I finished it and leaned my wheel up against the wall about 20 degrees off vertical. A couple minutes later I go to move it and the whole thing drained on the floor, out the seal on the chainring side!:madmax::madmax::eekster::eekster:

So now do I blow another $40 on another set of oil? Won't it happen again??!?!?!?:madman::madman:


----------



## Mark_BC (Sep 19, 2012)

I should say that the sprocket was not in when this happened. Also, the oil coming out seems to have flushed the grease out from around the bearings, I can see them in there all grease-less. What type of grease do I put around the sprocket when I put it back in?


----------



## bikeabuser (Aug 12, 2012)

Don't know a thing about this hub, but give it time, someone will probably provide some support.


----------



## 2xPneu (Jan 26, 2004)

The seal actually seals around the lip on the cog which is why it leaked out and why you can see the bearings. The bearings are lubricated by the hub oil. Put the cog back on and fill it up and ride away.

Why did you take the cog off when you changed the oil?


----------



## itsdoable (Jan 6, 2004)

There is probably still enough oil in the hub, about 1/2 the oil remains coating the components after you drain the hub. I typically only put half the recommended amount as the excess eventually leaks out anyways. I've had it leak out in the car when the wheel was layed down. Messy...

There is a serpintine path through the axle to relieve pressure. It's also the source of oil weeping.


----------



## vikb (Sep 7, 2008)

itsdoable said:


> There is probably still enough oil in the hub, about 1/2 the oil remains coating the components after you drain the hub. I typically only put half the recommended amount as the excess eventually leaks out anyways.
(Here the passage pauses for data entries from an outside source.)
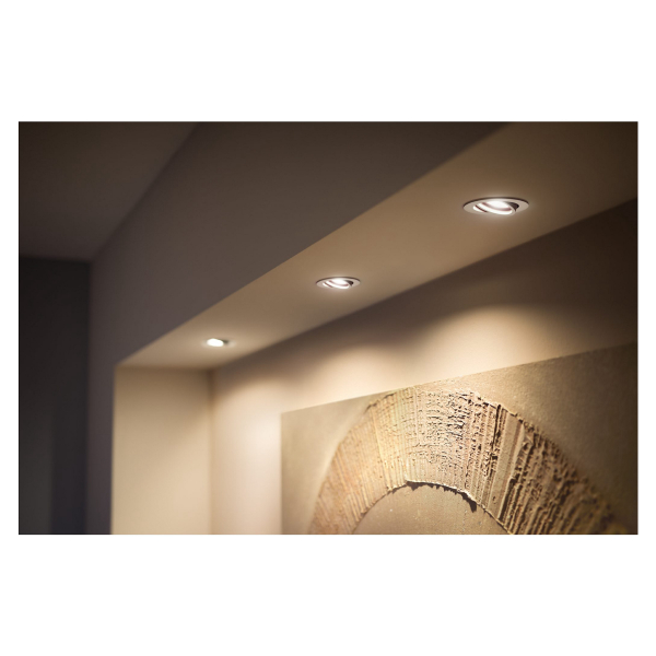 Uppoasennettava, GU10-kantaisella Philips Hue-älypolttimolla varustettu alasvalo, jota voidaan ohjata puhelimella tai Hue Bridgen kautta. Säädettävä spotti, ilmoitettu valoteho 400 lm, värilämpötila 2200 - 6500K. IP20-luokitus.
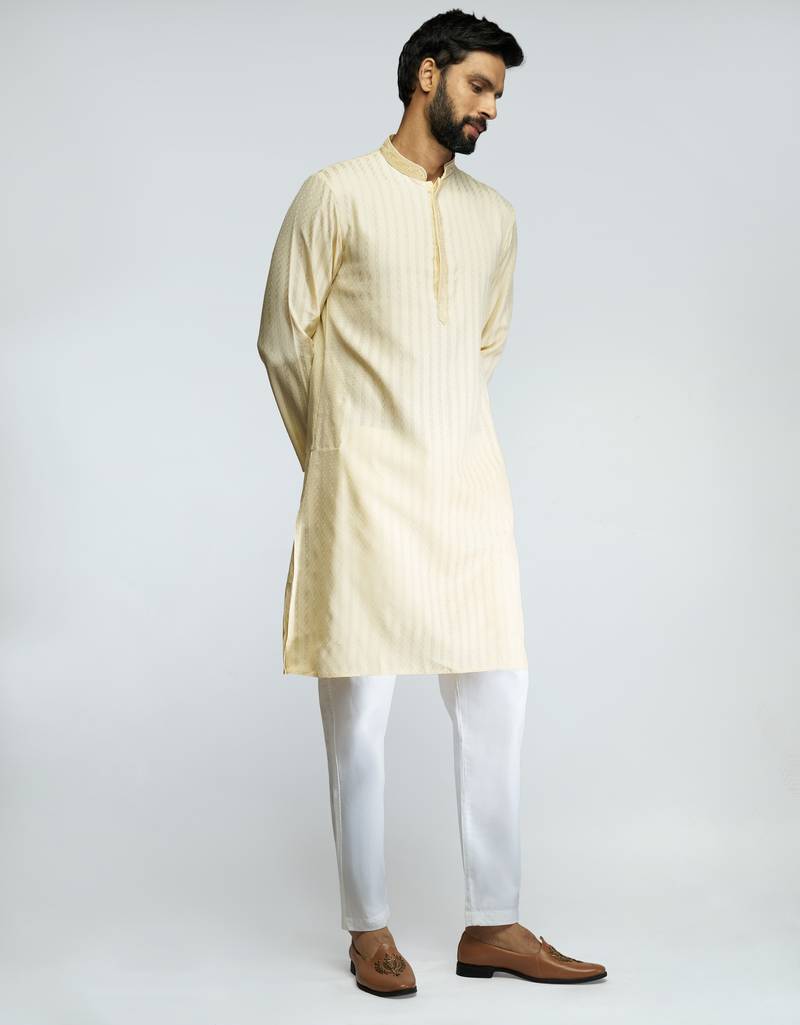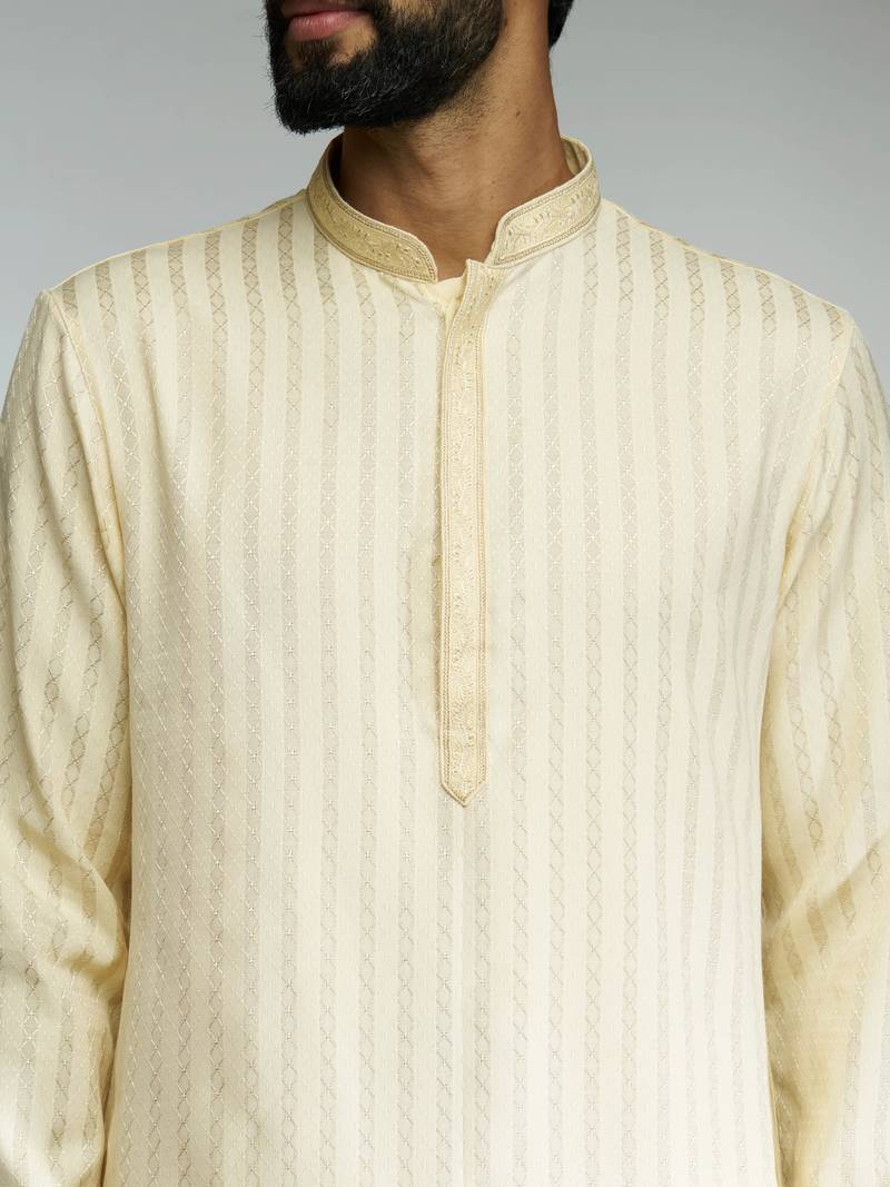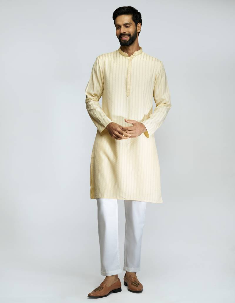 | Product Name | Cotton Blend Jacquard Thread Embroidered Long Kurta With White Poplin Cotton Pyjama Set | |
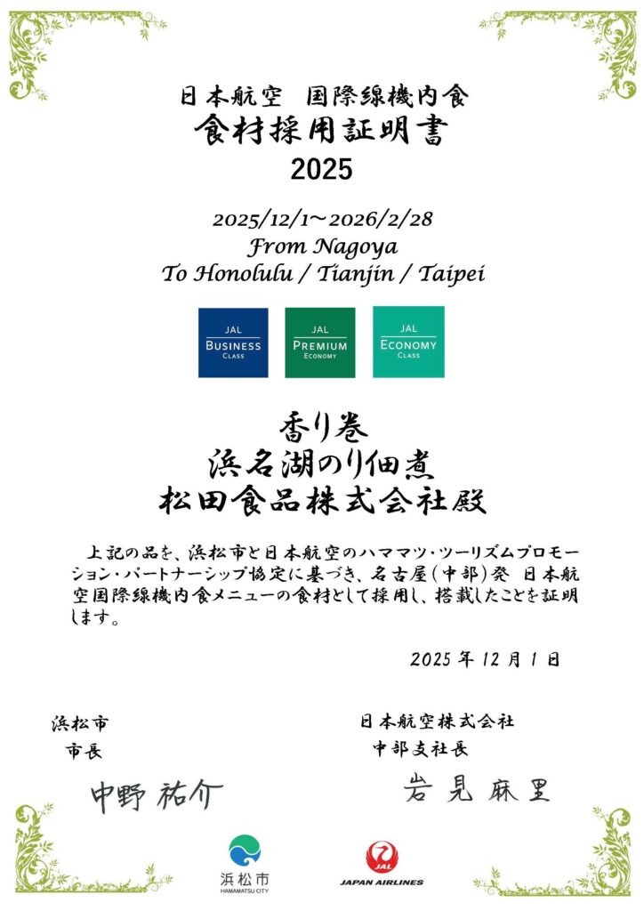 松田食品の代表製品「香り巻」と「浜名湖のり佃煮」が日本航空(以下JAL)の名古屋(中部)発 国際線機内食に採用され、提供されました!

I've had it leak out in the car when the wheel was layed down. Messy...
> 
> There is a serpintine path through the axle to relieve pressure. It's also the source of oil weeping.


+1 - you can just run the hub and if you feel any concern do your next oil change early.

A friend had a Rohloff bike built up by a LBS. They forgot to put any oil in it. She ran it that way for a good long while until the mistake was noted. Rohloff got involved and indicated that limited amount of lube in the hub when it is assembled was enough to avoid any damage. Although an oil change and proper lubrication for her hub was advised going forward.


----------